5 git remote remove project-a
Finally, we return to git remote
and use git remote remove
to remove the named project-a
from project-b
’s remote tracking. All remote-tracking branches and configuration settings for project-a
are removed from project-b
, so that our now merged project no longer refers to the still existing project-a
. This completes our process by uncoupling the two repositories after we have incorporated project-a
’s files and history into project-b
successfully.
Not included in the original stackoverflow.com answer we could include a line like
rm -rf path/to/project-a
if we no longer wanted to keep the copy of the originalproject-a
.
I wound up cleaning up both projects’ working trees and then ran these exact commands to merge my two projects. It went as smoothly as advertised in the answer comments, with only one line of conflict in my .gitignore file which was easily fixed. If you’ve read this far, I hope you’ve got a couple of repos to smash together! Good luck!
A diversion on tags in Git
Here I felt the need to update myself on the tag functionality in git. Once again, the excellent git docs lay it out.
Git - Tagging
_Like most VCSs, Git has the ability to tag specific points in a repository’s history as being important. Typically…_git-scm.com
Essentially tags in git can be used to create a label for a particular commit, allowing you to reference it later. They allow a canonical reference point to a specific commit as opposed to a branch that starts at a specific commit and then tracks with changes. This allows for, in particular, versioning notation, so that a specific commit can be labeled as eg. v1.4
and later referenced via git commands.
There are two types of tags: ‘lightweight’ and ‘annotated’.

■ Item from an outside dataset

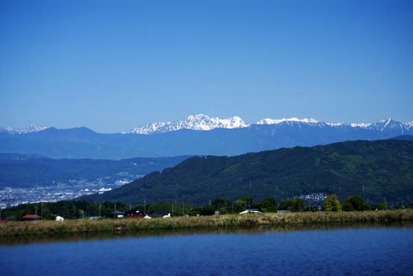 遠く残雪の穂高連峰を望む田んぼには水が入り、田植えの季節が始まろうとしている。
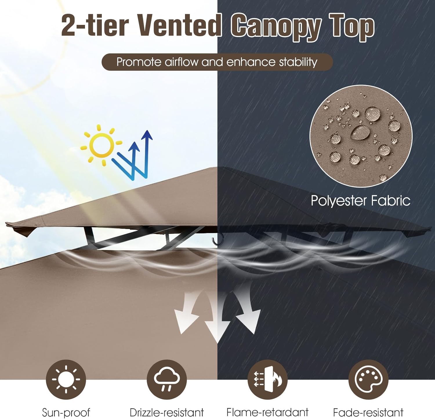- Auvent Ventilé à 2 Niveaux : Fabriqué à partir de tissu polyester, l'auvent de la tonnelle est ignifuge, résistant à la bruine et protège du soleil, garantissant votre sécurité. De plus, l'auvent à 2 niveaux du pavillon de barbecue favorisera la circulation de l'air, facilitera l'évacuation de la fumée et améliorera la stabilité globale.

Lightweight stores only the tag name and reference to the commit checksum. It can be used to store temporary tags as a reference to transitional states or generally tags that are not expected to be maintained/shared.
Annotated tags include a message as well as a tag name, and store a full checksummed object in the git database including the tagger’s information and tagging date. This is the recommended type of tag for most tagging as it provides full information and can be signed and verified with GPG if needed.
A nice feature is the ability to tag commits after the fact so that the labeling process in the case of versioning does not have to take place in real-time but can be managed separately.
Tags are not shared by default when using i.e. git push
to a remote, so just like our git fetch --tags
call a git push --tags
option exists to send tags to a remote repository if desired.